Ondrej Mikle ondrej.mikle at nic.cz
Sat Feb 25 14:22:12 EST 2012


Hi,

here is an attempt to summarize view of crypto from engineers' point of view.
It's based on discussing the points raised in the "Duplicate primes..." thread
with couple of HW/SW engineers and past experience with colleagues.

Sorry for the length, this post grew quite a bit.

Hopefully I caught the main common points on cryptographer-engineer axis that
cause crypto to get broken. (I have mostly SW engineering background with bits
of HW engineering and crypto that stuck along the way.)

Suggestions welcome for making it easier to explain to engineers, please correct
my misconceptions/mistakes when you see them. This could be a good chance to do
a first step in avoiding disasters like the shared primes.


Due to length, here's a short summary of engineer's view (expanded on below):

----- short summary of typical SW/HW engineer's view on crypto and bugs -----

A) "I don't understand why are you interested in crypto, you put some number in
and get some number out, never really sure if there's an error in the program.
In 3D graphics or physics simulation I see the bug almost instantly."

(A friend's more than decade old quote, but still quite a spot on explanation
why crypto bugs go often unnoticed for long time.)

B) "cryptography, n.": about 15-20 general principles and plethora of special
cases, whose count maybe could be less than Graham's number.

C) things that cause bugs: cooperation paradox, pushing engineer to code/build
insanely fast (almost a guarantee of security bug) or changing specification
often (mostly covered in previous messages in thread)

D) implementation of crypto-protocol is hard: engineer must understand both the
protocol and the platform where it will run on, platform's quirks and quirks of
other endpoints' implementations the communication will lead to. High
probability in introducing side-channels.

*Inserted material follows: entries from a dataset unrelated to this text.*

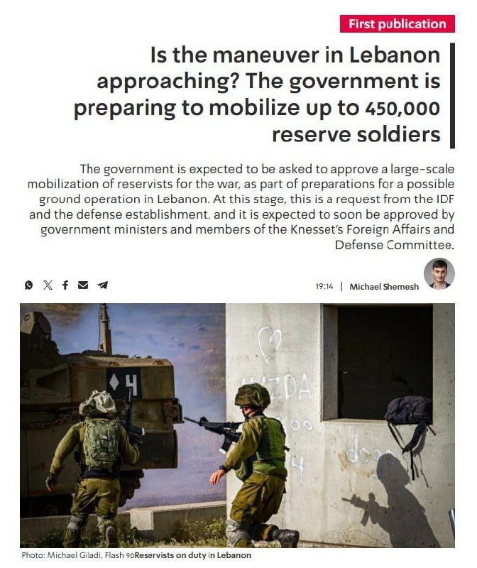 Израиля и оборонного ведомства в рамках подготовки к возможной наземной операции в Ливане, — сообщает Kan News.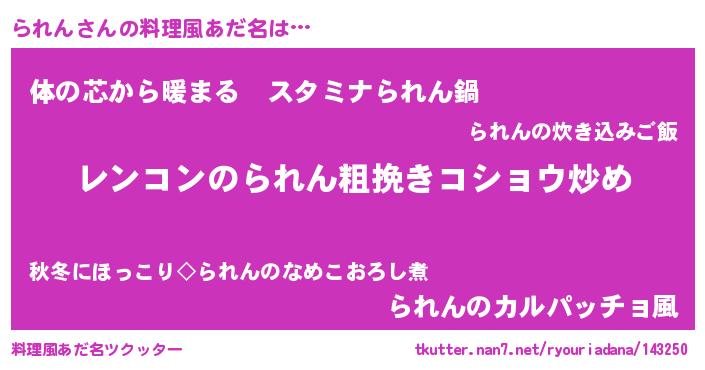 | 胡散臭い通販商品みたいなあだ名 | 『テレビで話題の高麗人参…その名も「られん」』 |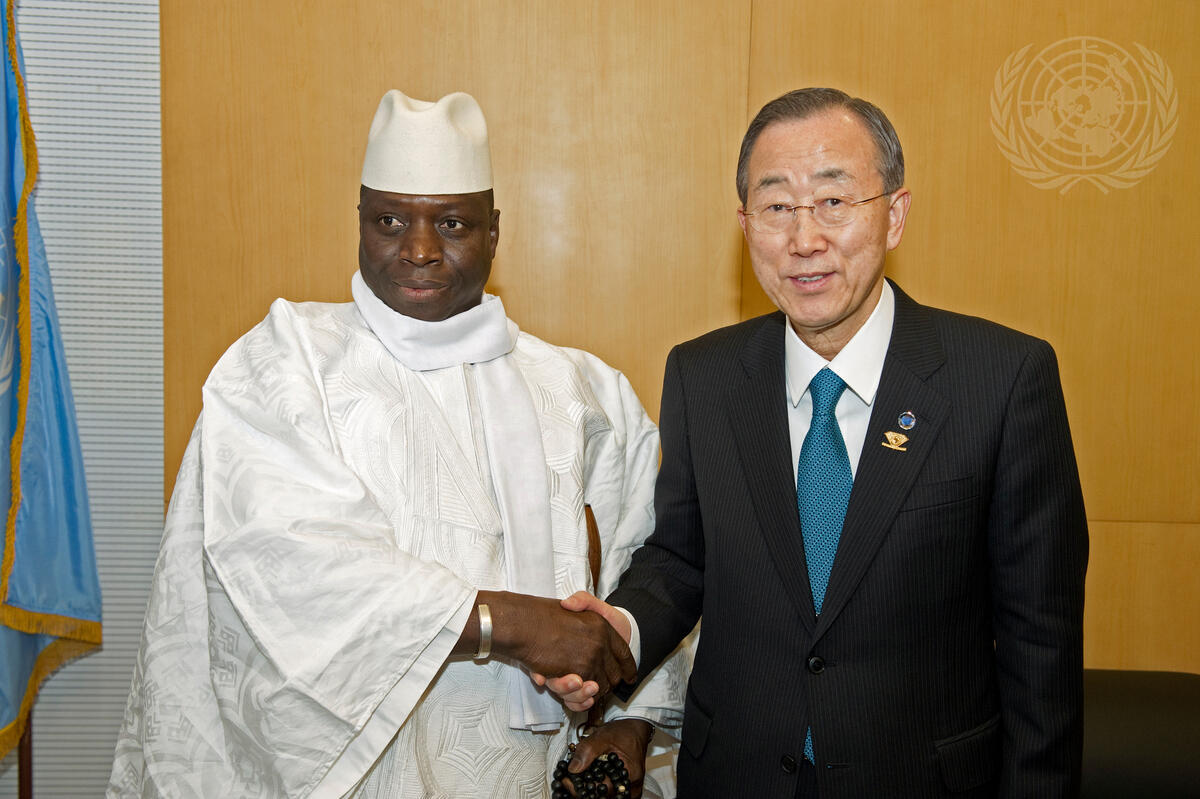 Secretary-General Ban Ki-moon (right) meets with Al Hadji Yahya A.J.J. Jammeh, President of the Republic of the Gambia, in Addis Ababa, Ethiopia.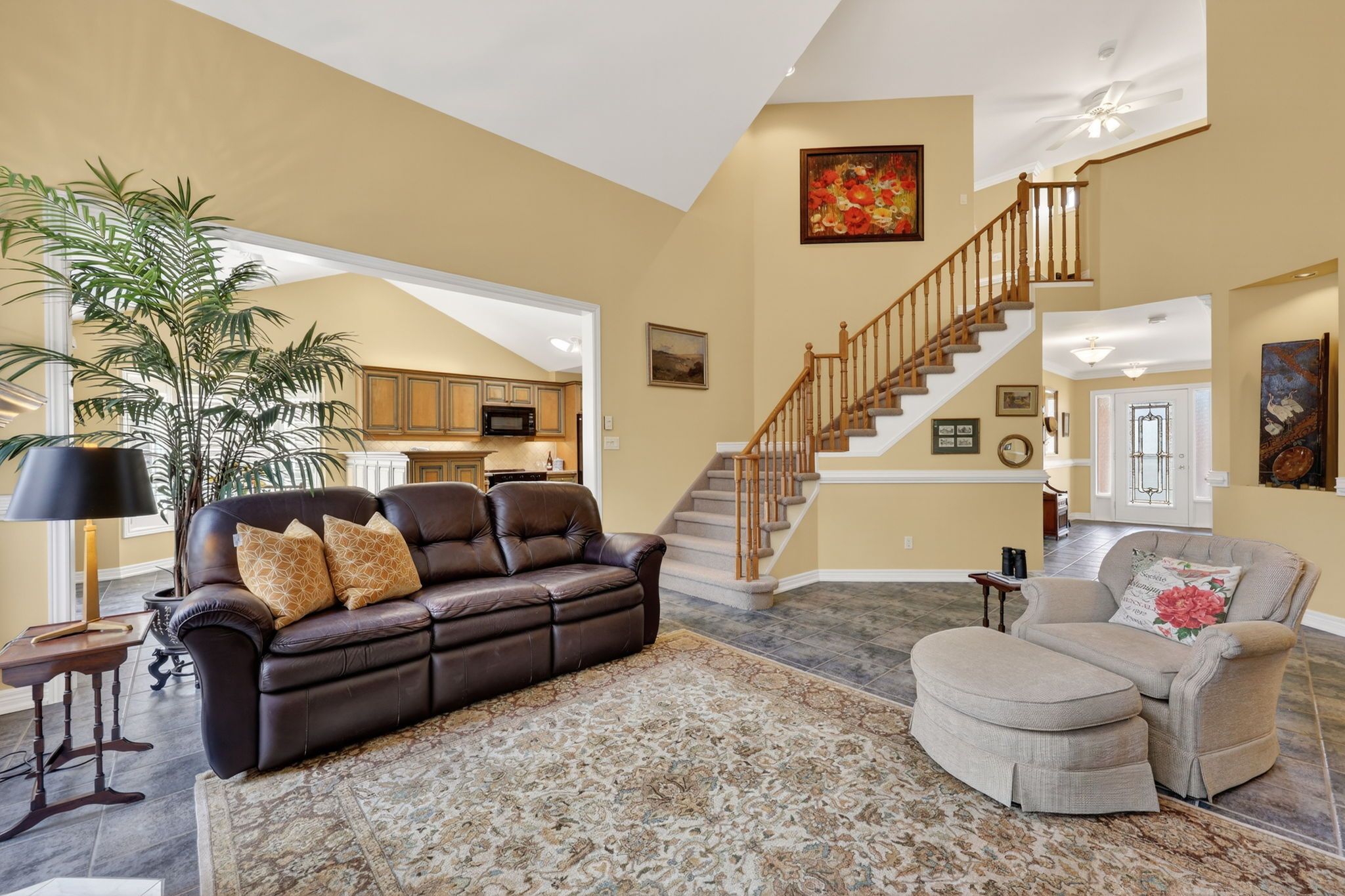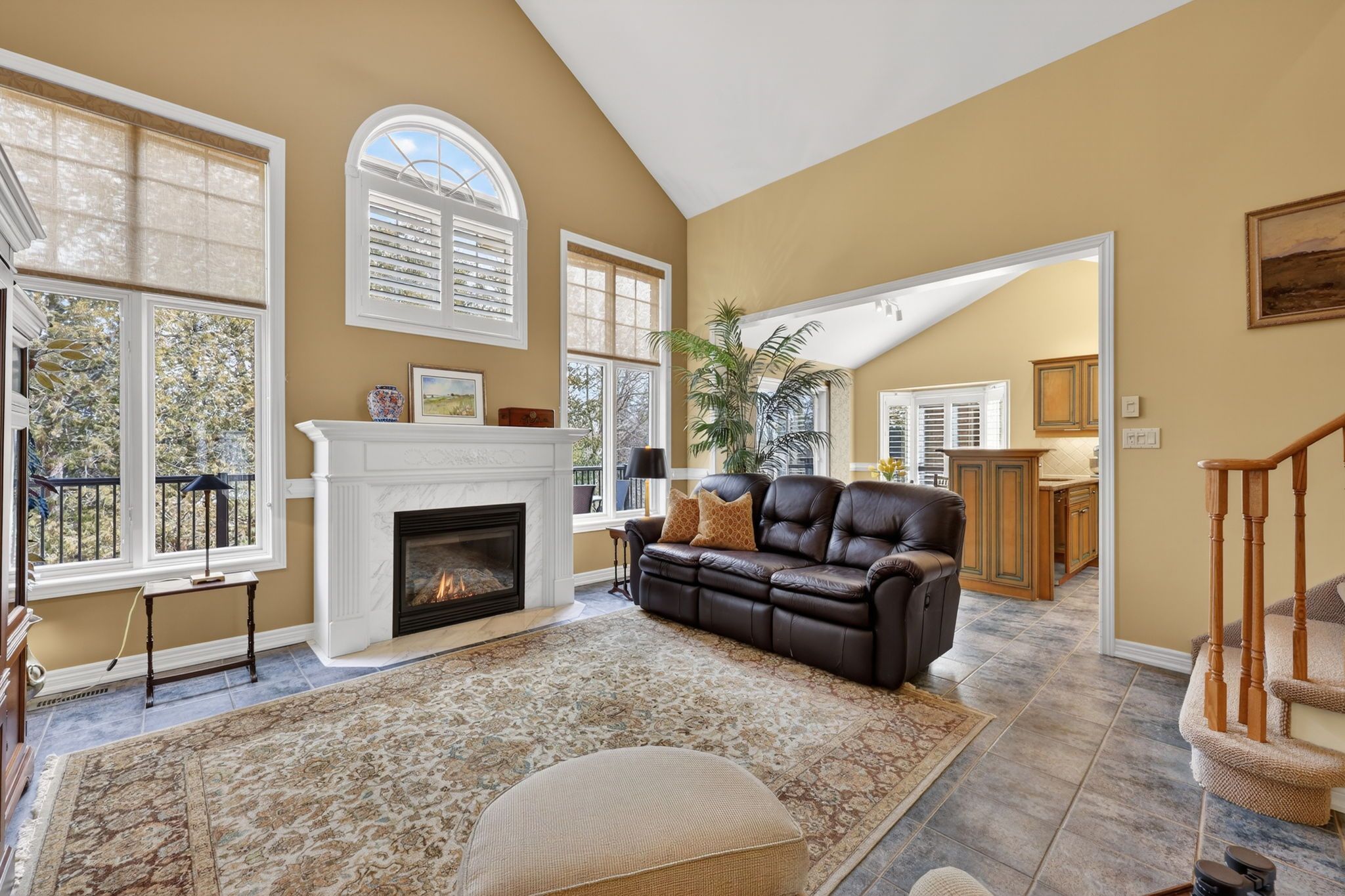 Welcome to 19 Bella Vista Trail, a highly sought-after Monet bungaloft offering 3,505 sq ft of finished living space, tucked away on a quiet dead-end street in Briar Hill. Backing onto the Nottawasaga Golf Course and River, this home delivers exceptional privacy and breathtaking, uninterrupted views - a rare offering in the community. An extra-long, newly completed driveway (2025) accommodates up to four vehicles with ease, in addition to the garage with convenient inside entry. Step inside to a welcoming foyer that opens into a stunning two-storey great room with cathedral ceilings, a gas fireplace, and expansive windows framing the picturesque backyard. A formal dining room provides the perfect setting for hosting. The main floor primary suite offers a private retreat with a walk-in closet and 4-piece ensuite featuring a soaker tub. The kitchen includes a bright eat-in area with walkout to a new oversized deck (2025) complete with two awnings, creating a comfortable outdoor space to take in the views. Upstairs, the loft overlooks the great room and is ideal for a home office or sitting area, alongside an additional bedroom and 3-piece bath. The finished walkout basement extends the living space with a recreation room, wet bar, additional bedroom, 3-piece bath, and ample storage - perfect for guests or multi-generational living. Notable upgrades include new furnace (2025), new washer and dryer (2025), and insulated garage door (2022). Additional features include three gas fireplaces and custom California shutters, blinds, and drapery throughout. Enjoy access to Briar Hill's vibrant adult lifestyle community, with walking trails, a community centre, and close proximity to golf, dining, and amenities. A rare combination of privacy, views, and lifestyle - this is one you won't want to miss.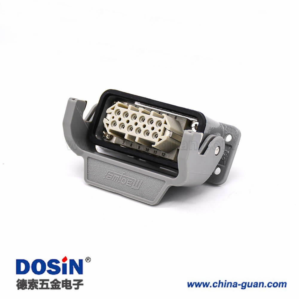標(biāo)簽:H10A,重載連接器,開(kāi)孔安裝,2耳,單扣,斜出口,塑料鐵扣,12芯,鍍銀,公母對(duì)接,M25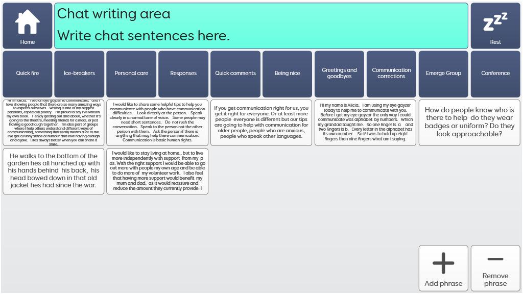 Fast Talker is a complete solution for literate users, with apps for fast text communication, message banking, SMS, email, browsing the web and much more. You can also use the Servus Environment Control resources, and get full access to Windows with our Computer Control features. v3.5.0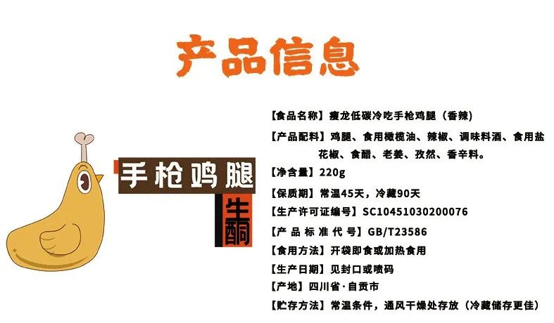 我们的手枪鸡腿的配料表非常干净,只有:鸡腿、食用橄榄油、辣椒、调味料酒、食用盐、花椒、食醋、老姜、孜然、香辛料。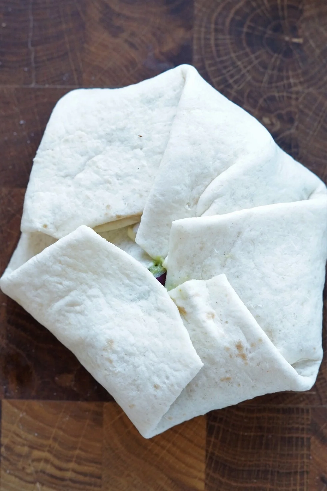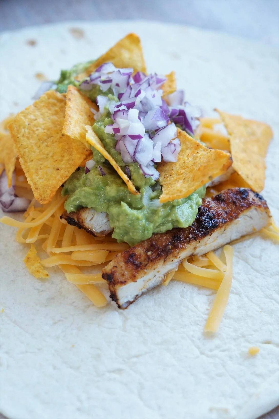 3. Legg ost, kylling, avokado, nachos og rødløk i midten av et tortillabrød. Brett tortillaen til en sekskant, se bilde. Det kan være lurt å ha chipsen i litt mindre biter slik at de ikke stikker hull i tortillaen når du bretter den.
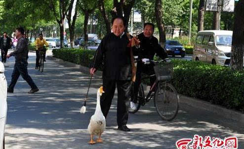 2014年5月5日,在河北石家庄六旬老人张士君正和他的爱鹅遛弯回家。据老人介绍,这支大白鹅已经三岁了,每天都会带着它出去散步,一走就是几十里地。它毛发鲜亮,器宇轩昂,很通人性,遇见“朋友”便会鞠躬打招呼;每当老人呼唤它的名字,大白鹅都会应声回答,并会准确按照主人的命令行动。张士君表示,彻彻(鹅)每天陪伴自己,带来了无穷的快乐,积极乐观的心态让自己更加健康年轻。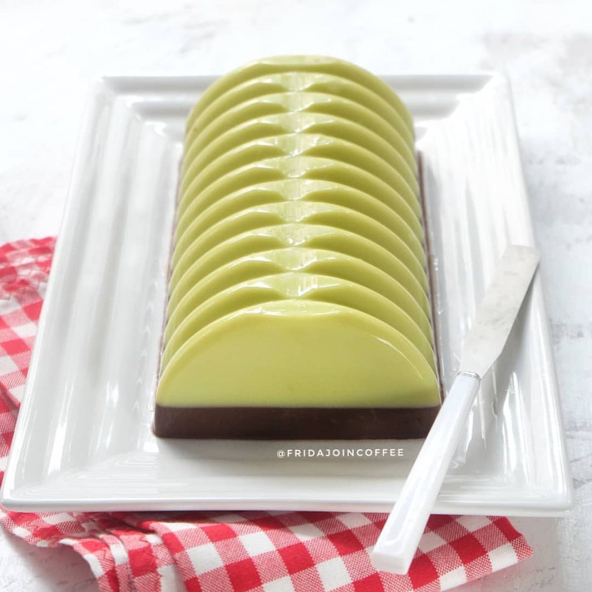 - Dengan hati-hati, tuang puding coklat di atas puding alpukat yang sudah setengah beku. Gunakan sendok sayur untuk menuangnya sedikit demi sedikit agar tidak tercampur.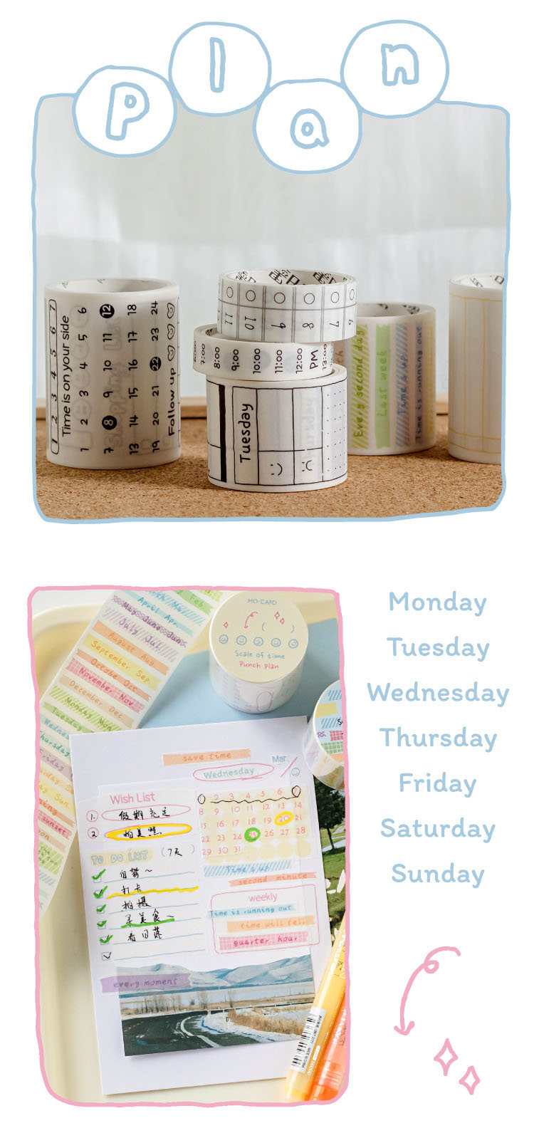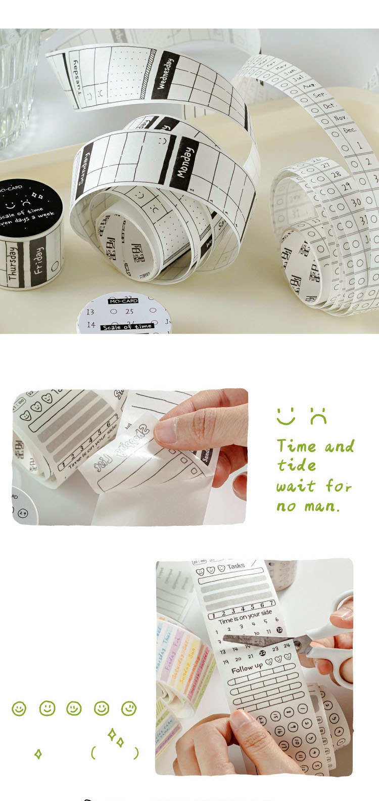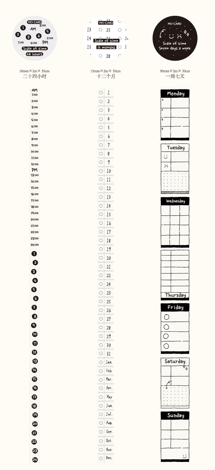 カフェ風 シール ステッカー マスキングテープ 時間 日付 スケジュール 10-15-30-40-50mm*2m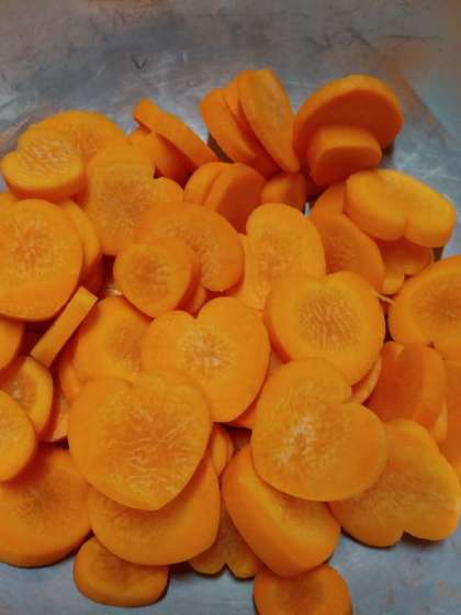 給食調理員さんに、ラッキーニンジンを入れていただきました。今回は「ハート」の形です。皆さんお味はいかがでしたか。

E) often there is no one with sufficient experience/expertise to ask (the
mentoring part mentioned in this thread)

F) understanding randomness/entropy is very hard, implementing correctly
extremely hard

----- end short summary -----


Some answers/opinions on Kevin's points, couple of suggestions and links that
could help engineers understand crypto pitfalls:

On 02/22/2012 03:31 AM, Kevin W. Wall wrote:
> From where I sit, I see the following things that the development
> community in general are lacking when it comes to things crypto:
> 
> 1) They think that key size is the paramount thing; the bigger the better.

I'm not sure this is really that common (except really newbie crypto enthusiasts).

One recent good answer I got relating keysizes:

http://lists.opendnssec.org/pipermail/opendnssec-user/2012-January/001619.html

See last paragraph about ECDSA keys. Someone might be interested in reading the
whole "Default ZSK sizes" thread - for example, we found that registrars shared
ZSKs for tens of thousands of domains (also tons of 512 bit RSA keys). The
registrars are slowly rolling them over ATM.

And with ECDSA you have to avoid weak RNGs when generating signatures...

Estimating RSA key size: it's more an educated guess/magic given how the sizes
are derived than anything else. And if you base your estimate for given time
window on Lenstra or ECRYPT II keysize recommendations you might get reprimanded
for suggesting too conservative values :-)

> 2) The have no clue as to what cipher modes are. It's ECB by default.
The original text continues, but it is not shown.